As alunas disseram ainda que a raridade da situação despertou a “curiosidade acadêmica” e as fez refletir sobre aspectos técnicos inéditos, proporcionados pela condição clínica de Vitória.

Gabrielli e Thaís não tiveram acesso ao prontuário da paciente, segundo o comunicado. “Não sabíamos quem era.” Além disso, ambas reforçaram não terem divulgado qualquer imagem da paciente.

As estudantes negaram “qualquer deboche ou insensibilidade”. “Nosso compromisso com a vida, a dignidade humana e os princípios éticos da medicina permanece inabalável”, ressaltaram.

Por fim, Gabrielli e Thaís manifestaram solidariedade à família de Vitória e afirmaram que estão tomando providências para esclarecer o caso e preservar suas integridades pessoais, acadêmicas e emocionais.

O que dizem Incor e USP

Em nota encaminhada à reportagem, o Incor declarou que não divulga dados de pacientes. A instituição afirmou, ainda, repudiar “veementemente” atitudes que violem os princípios da ética e confidencialidade. O instituto acrescentou que apura “rigorosamente o caso mencionado”, ressaltando que “adotará todas as medidas cabíveis”.

Procurada, a Faculdade de Medicina da Universidade de São Paulo (USP) disse que as alunas atualmente não têm qualquer vínculo acadêmico com a universidade ou com o Incor. As estudantes estavam no hospital em função de um curso de extensão de curta duração (um mês). “Assim que foi tomado conhecimento do fato, as universidades de origem das estudantes foram notificadas para que possam tomar as providências cabíveis”, diz nota.

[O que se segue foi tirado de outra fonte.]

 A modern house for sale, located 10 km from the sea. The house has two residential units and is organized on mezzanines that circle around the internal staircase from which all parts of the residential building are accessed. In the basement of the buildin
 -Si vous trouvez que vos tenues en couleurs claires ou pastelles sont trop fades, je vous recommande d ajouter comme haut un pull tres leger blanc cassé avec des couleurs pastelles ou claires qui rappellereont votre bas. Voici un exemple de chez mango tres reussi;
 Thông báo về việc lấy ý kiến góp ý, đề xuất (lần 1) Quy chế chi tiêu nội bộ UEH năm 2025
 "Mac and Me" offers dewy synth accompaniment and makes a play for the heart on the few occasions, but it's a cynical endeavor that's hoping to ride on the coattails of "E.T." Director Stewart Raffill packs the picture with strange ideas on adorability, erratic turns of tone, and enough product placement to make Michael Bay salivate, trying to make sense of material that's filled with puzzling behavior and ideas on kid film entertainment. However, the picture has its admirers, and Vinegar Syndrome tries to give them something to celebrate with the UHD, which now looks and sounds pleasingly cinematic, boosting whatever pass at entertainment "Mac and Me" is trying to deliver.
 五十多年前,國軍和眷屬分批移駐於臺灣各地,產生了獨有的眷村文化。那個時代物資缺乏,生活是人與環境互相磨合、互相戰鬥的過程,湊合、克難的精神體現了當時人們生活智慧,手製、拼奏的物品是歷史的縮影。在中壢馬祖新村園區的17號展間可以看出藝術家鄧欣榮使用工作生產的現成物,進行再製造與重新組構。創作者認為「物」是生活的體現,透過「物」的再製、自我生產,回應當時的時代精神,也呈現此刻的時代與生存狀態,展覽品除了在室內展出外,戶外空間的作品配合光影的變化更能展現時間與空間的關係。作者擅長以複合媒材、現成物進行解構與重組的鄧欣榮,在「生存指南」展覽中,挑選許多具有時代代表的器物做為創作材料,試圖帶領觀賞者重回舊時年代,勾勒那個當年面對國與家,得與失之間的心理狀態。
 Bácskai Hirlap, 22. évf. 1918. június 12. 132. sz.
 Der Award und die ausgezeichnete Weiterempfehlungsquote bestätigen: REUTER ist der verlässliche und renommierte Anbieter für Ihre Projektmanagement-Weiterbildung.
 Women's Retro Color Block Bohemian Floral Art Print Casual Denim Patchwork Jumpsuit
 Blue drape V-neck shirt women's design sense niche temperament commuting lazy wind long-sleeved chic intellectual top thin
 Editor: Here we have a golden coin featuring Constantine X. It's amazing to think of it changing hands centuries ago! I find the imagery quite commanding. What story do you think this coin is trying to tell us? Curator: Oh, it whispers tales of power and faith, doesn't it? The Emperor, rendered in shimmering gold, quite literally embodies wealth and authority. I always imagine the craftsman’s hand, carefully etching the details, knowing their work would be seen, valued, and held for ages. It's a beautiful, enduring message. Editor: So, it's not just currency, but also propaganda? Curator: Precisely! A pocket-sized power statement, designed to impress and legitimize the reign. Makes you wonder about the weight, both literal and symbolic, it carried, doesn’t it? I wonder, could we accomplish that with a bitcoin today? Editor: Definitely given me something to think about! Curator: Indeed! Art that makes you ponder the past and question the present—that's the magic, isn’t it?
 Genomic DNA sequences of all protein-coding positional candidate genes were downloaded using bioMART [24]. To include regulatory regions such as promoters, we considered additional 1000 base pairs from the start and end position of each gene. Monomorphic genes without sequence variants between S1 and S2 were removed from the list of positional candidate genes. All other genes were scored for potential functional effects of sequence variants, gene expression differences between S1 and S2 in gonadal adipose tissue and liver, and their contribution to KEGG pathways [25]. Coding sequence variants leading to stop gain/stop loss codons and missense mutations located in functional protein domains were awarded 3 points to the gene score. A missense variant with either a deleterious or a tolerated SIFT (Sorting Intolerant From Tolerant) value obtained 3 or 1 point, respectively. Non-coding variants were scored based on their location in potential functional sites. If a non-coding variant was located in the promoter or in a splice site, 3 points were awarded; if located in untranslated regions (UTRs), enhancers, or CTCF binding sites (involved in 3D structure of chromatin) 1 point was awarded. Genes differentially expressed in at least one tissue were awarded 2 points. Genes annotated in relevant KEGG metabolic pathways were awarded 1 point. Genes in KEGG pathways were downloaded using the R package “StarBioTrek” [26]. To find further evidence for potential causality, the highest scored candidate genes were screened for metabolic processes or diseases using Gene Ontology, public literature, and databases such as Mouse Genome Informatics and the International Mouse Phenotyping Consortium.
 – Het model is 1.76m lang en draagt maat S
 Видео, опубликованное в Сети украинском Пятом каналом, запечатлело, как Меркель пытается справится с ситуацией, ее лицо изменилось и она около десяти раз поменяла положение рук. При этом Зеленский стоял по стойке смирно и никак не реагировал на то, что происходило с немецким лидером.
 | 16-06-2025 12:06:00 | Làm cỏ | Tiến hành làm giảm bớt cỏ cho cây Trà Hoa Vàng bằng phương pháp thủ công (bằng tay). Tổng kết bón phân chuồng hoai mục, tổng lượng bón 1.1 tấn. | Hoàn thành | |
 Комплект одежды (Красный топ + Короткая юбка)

“Internamente, a USP está tomando medidas adicionais para reforçar junto aos participantes de cursos de extensão as orientações formais sobre conduta ética e uso responsável das redes sociais, além da assinatura de um termo de compromisso com os princípios de respeito aos pacientes e aos valores que regem a atuação da instituição”, completa o texto.